International Publication No. 2011/024487 Special table 2013-500793 gazette JP 2005-79001 A

Nippon Medtronic Co., Ltd. Glucose Monitor System “Medtronic Mini Med CGMS-Gold” Instruction Manual

  However, the crosslinking agent used in the above technique does not progress in the crosslinking reaction unless the enzyme activity is significantly reduced, such as it is difficult to dissolve in water or the crosslinking reaction does not proceed unless it is in a basic or high temperature environment. Absent. In addition, these crosslinking agents are insufficient even if they are crosslinked with the hydrophilic host material used in CGM, resulting in non-uniform film quality. Therefore, even if the mediator is to be crosslinked with the hydrophilic host material using the disclosed crosslinking agent, it cannot be sufficiently fixed to the host material. Therefore, in the above technique, it is conceivable to use an organic solvent in the crosslinking reaction. However, the enzyme exhibits a catalytic function in an aqueous solution, and is easily denatured and deactivated in the presence of the organic solvent. It is not preferable to use it for the crosslinking reaction.

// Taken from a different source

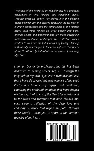 Whispers of the Heart, Journey Through Love's Depths and Embrace the Tapestry of Emotions. Dive into a world where love and longing intertwine, and emotional turbulence becomes a dance of passion and vulnerability. " Whispers of the Heart " is a captivating collection of poems that explores the multifaceted nature of love-its joys, sorrows, and the spaces in between. Each verse invites you to experience the delicate balance between intimacy and distance, hope and despair, connection and separation. With evocative imagery and heartfelt expression, these poems capture the essence of love's sanctuary and storm. From tender embraces under a moonlit sky to the pain of unspoken goodbyes, this collection offers a profound exploration of the heart's journey. Allow yourself to be moved by the whispers of what could have been, find solace in the echoes of love that linger, and discover poetry in the profound journey of the heart.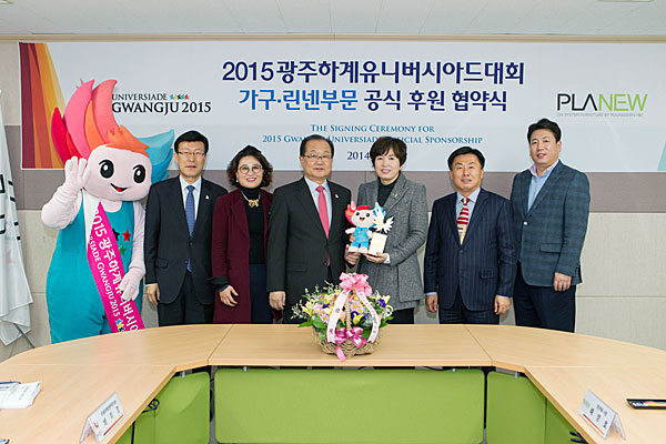 On 3 December, GUOC signed a partnership agreement with YOUNG SHIN F&S as Official Sponsor in the furniture & linen category. As an official sponsor, YOUNG SHIN F&S will supply 14 items and over 24,000 units of furniture and linen in the Athletes’ Village. Meanwhile, the GUOC will allow the rights to use the Universiade Gwangju 2015 name and logo. The company developed a brand called “PLANEW” and has been sponsors for a number of international events such as the 2003 Daegu Summer Universiade, 2011 Daegu IAAF World Athletics Championships, and 2012 Yeosu World EXPO.

  Accordingly, some aspects of the present invention provide a sensor in which a mediator involved in electron transfer between an enzyme and a working electrode is sufficiently fixed on the working electrode by solving at least a part of the problems described above. It is an object of the present invention to provide a sensor element that is difficult to diffuse inside and a measuring device including the sensor element.

  SUMMARY An advantage of some aspects of the invention is to solve at least a part of the problems described above, and the invention can be implemented as the following aspects or application examples.

[Application Example 1]
One aspect of the sensor element according to the present invention is:
The base,
A working electrode provided at the base;
A sensing layer provided on the working electrode;
A counter electrode from which electrons move between the working electrode and
The sensing layer is
An enzyme that acts on the target substance contained in the liquid;
A water-soluble mediator that mediates electron transfer between the enzyme and the working electrode;
And a hydrophilic host material cross-linked to the mediator.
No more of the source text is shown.